# Team Indiana invades the Florida Middle Grounds



## Harbison (Apr 18, 2012)

(part 1 of 3)

Team Indiana invades the Florida Middle Grounds.
Conditions are very good for 'A major snapper catch!' This is Florida in April, eighty five degrees, not a cloud in the sky, and very calm seas, who could ask for anything more?
Well! To start with, let's load the Florida Fisherman with plenty of very lively pin fish:


We are ready! Tammy welcomes Team Indiana members Mr. Jim Stone & Mr. Tim Fisher:

There is always plenty to see & do around Madeira Beach, Florida:


Team Indiana has traveled 1,000 miles to fish our fabulous Florida Middle Grounds. Will it be worth the trip? Only time will tell!
Team Indiana (L to R)

Fishing out of spot # 11, Mr. Nick Richardson, Bargersville, Indiana
Fishing out of spot # 4, Mr. Jim Stone, Greenwood, Indiana
Fishing out of spot # 9, Mr. Tim Fisher, Nineveh, Indiana
Fishing out of spot # 8, Mr. Matt Stewart, New Castle, Indiana


Mr. John Martin hopes to win the jack pot: Captain Garret takes John's $20.00. John will have three chances to win, biggest AJ, grouper, & snapper:

Tim loves Tammy's Southern cooking. Spaghetti & meat balls on the way to the Middle Grounds. What a way to begin our adventure:

We will be targeting the hard to fool mangrove snapper and the deep water, very tasty, vermilion snapper. Will, first mate, is more than willing to share his vast knowledge. We are all ears:

Those bunks are looking good. We are going to need all the energy we can get. Let's hit the sack:

Very early Saturday morning. Captain Garret sounds 'battle stations!' Let the fun begin!
Snapper love Spanish sardines. These are in prime condition. Be sure to cut the tail off:


----------



## Harbison (Apr 18, 2012)

*Part 2 of 3*

Mr. Bo Janecka, spot # 7, uses a big landing net. Watch the net in action 4:43 min. into the video at the end of this report:



The mangos are on the attack, but so are we:



Watch Mr. Tim Fisher, Team Indiana, battle this jack pot contender 3:03 min. into the video:

Wow! What a nice gag:

Captain Garret is so proud of John:

The catch is looking good. Things slowed down considerably as the moon went down, but we are still picking:

Sun up deep into the very heart of the Florida Middle Grounds. Priceless!
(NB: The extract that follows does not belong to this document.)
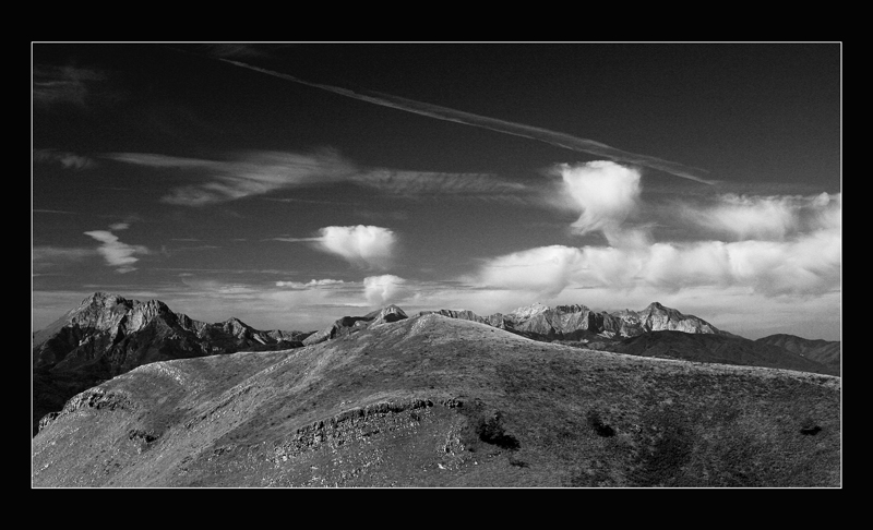 Gran bel paesaggio e ottimo b/n. Fantastico il cielo con le nuvole che staccano in modo stupendo Ciao

Mr. Lynndal Saltzman, fishing out of spot # 41, is thrilled. See you in July, partner:

Mr. John Martin:

Looks like we have another stowaway:

Let's go see if the AJ's are hungry. Look at them stacked up on top of that wreck:

The are fighting mad, but so are we:


Tammy gets into the action:

Mr. William Trippett, spot # 10:


Mr. Craig Tensfield, spot # 14:

Team Indiana scores again. Mr. Tim Fisher:

Tim doubles up. A trigger & a Middle Grounds size vermilion snapper:

Mr. John Martin and gag number six. Watch John in action 7:53 min. into the video:

Mr William Trippett:

The vermilion snapper are very plentiful & big:



Now that's a nice porgy:

Ever see a sheepshead porgy? They are pretty rare. Leave it to team Indiana. Nice going Mr. Nick Richardson:


----------



## Harbison (Apr 18, 2012)

*Part 3 of 3*

This is box # 2. Number one is iced down & sealed:

The sun sinking into the calm sea of the Florida Middle Grounds. Stunning!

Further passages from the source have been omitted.